Legislative bill overview

SB 912 would establish a THC impairment standard for workers at certain high-risk job sites in Virginia, similar to existing alcohol impairment standards. The bill creates a mechanism for employers to test for and enforce workplace safety rules related to cannabis impairment, though the bill text itself does not define specific THC concentration thresholds or which work sites qualify.

Why is this important

As cannabis legalization expands across the country, states face a practical challenge: unlike alcohol breathalyzers, there is no scientifically standardized test for cannabis impairment that reliably correlates to work performance or safety risk.
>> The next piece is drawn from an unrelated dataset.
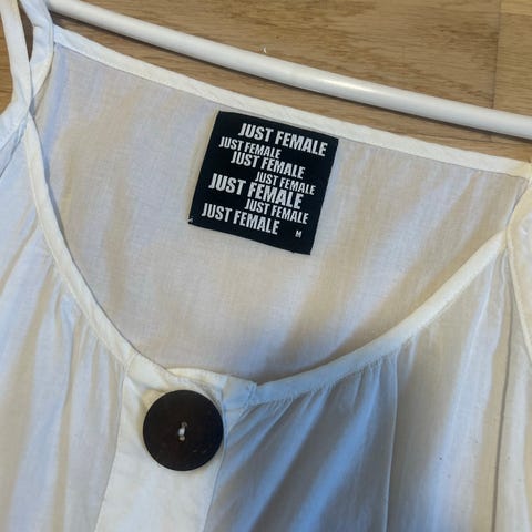 Just Female Falkon sommerkjole i grøn bomuld i størrelse M. Kjolen har tynde stropper og store knapper foran. Der er elastik i siderne for bedre pasform. Materialet er 100 % bomuld, som kan maskinvaskes ved 30 grader og stryges varmt. Velegnet som let sommerkjole til hverdag eller ferie.

This bill attempts to address workplace safety concerns in high-risk industries, but implementation depends heavily on how regulators define impairment standards that don't yet have clear scientific consensus.

Potential points of contention

  • Scientific uncertainty: No universally accepted THC impairment threshold exists; current testing methods (blood/urine) don't reliably measure acute impairment the way breathalyzers measure alcohol intoxication
  • Worker privacy and employment rights: Testing requirements could capture off-duty cannabis use without indicating current impairment, raising fairness concerns for employees in states where cannabis is legal
  • Scope ambiguity: The bill's reference to "certain work sites" lacks definition, creating uncertainty about which employers must comply and potential for inconsistent application

Compiled from official sources — confirm details with the bill’s official record.